Introduction

Considerable literature exists that characterize the role of flagellate nanozooplankton in planktonic systems. Predation by flagellates is a major mortality factor for aquatic bacteria [23, 48, 55] and it is clear that, in some systems, flagellates are capable of cropping as much as 100% of bacterial production [10, 45]. Given the abundance of bacteria in both marine and freshwaters, their potential for rapid growth, their ability to use dilute organic and inorganic nutrients, and their high assimilation efficiencies, flagellates must play a crucial role in transferring nutrients sequestered in bacterial biomass to consumers in higher trophic levels [2, 50].

Flagellate grazing can also influence the characteristics of bacterial communities and lead to changes in their structural and taxonomic composition [29, 32, 67]. Some of the characteristics of bacterial communities attributed to flagellate grazing include small average cell size [1, 15, 23, 49], high frequency of motile cells [23], and cell types of complex inedible morphologies [47, 59].
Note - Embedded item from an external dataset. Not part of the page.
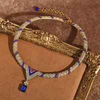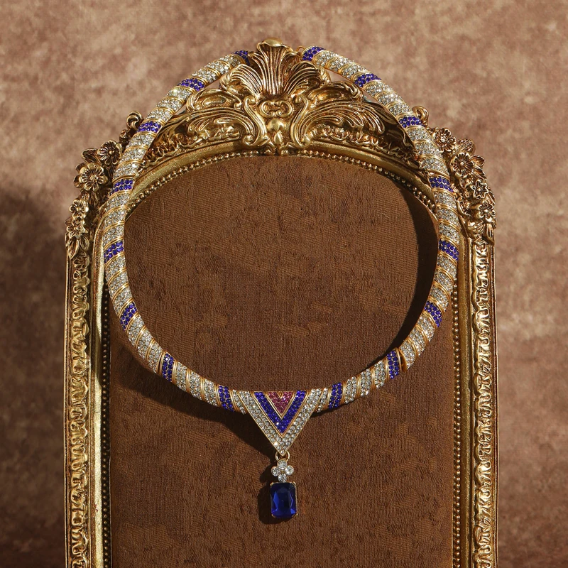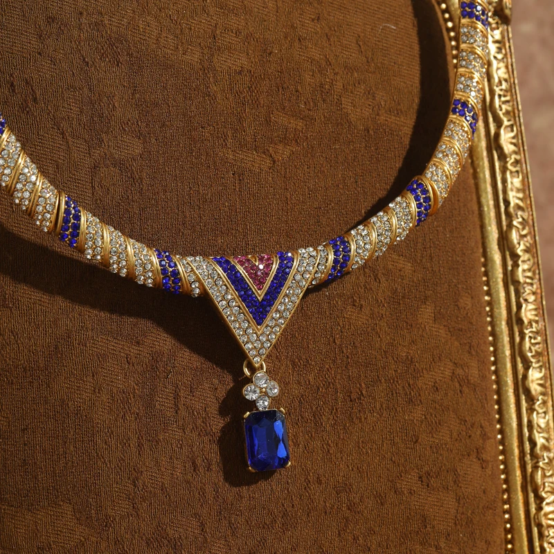 Vintage Blue Zircon Pendant Necklace Gold Color Choker Collar Woman Rhinestone Wedding Accessories Luxury Designer Jewelry

Flagellate feeding efficiency and/or prey selection appears to depend on prey morphology characteristics such as cell size and motility [23, 34, 42], as well as other features such as digestibility and cell surface characteristics [22, 30, 38, 43]. Nisbet [44] speculated that feeding selectivity may, in part, be receptor-mediated and regulated by “signal substances” on prey cell surfaces. Thus, nutritional and biochemical food quality may influence prey selection and ingestion [8].

Food quality has been shown to greatly influence the rate at which metazoan zooplankton exploit prey [12, 18, 62]. However, analogous studies on predator–prey food quality interactions in nanozooplankton communities are lacking. In this work, the mixotroph nanoflagellate, Ochromonas danica was fed bacteria (Pseudomonas fluorescens) of known, but varying food quality, where food quality was measured as the C:N:P ratio, an index of macronutrient composition that has proven useful in studies on metazoan zooplankton. Ingestion and digestion rates were determined for the protozoan during short-term feeding experiments. The relationships among food quality, ingestion, and digestion are discussed for this predator–prey couple.

Materials and Methods

Organisms and Analytical

P. fluorescens (ATCC 3214) stock cultures were maintained on Standard Mineral Base (SMB) [65] supplemented with 10 mM glucose (SMBg). Bacteria-free O. danica (UTEX 1298) was maintained in Ochromonas Medium [61]. Attempts to grow this strain as an exclusive phototroph have not been successful.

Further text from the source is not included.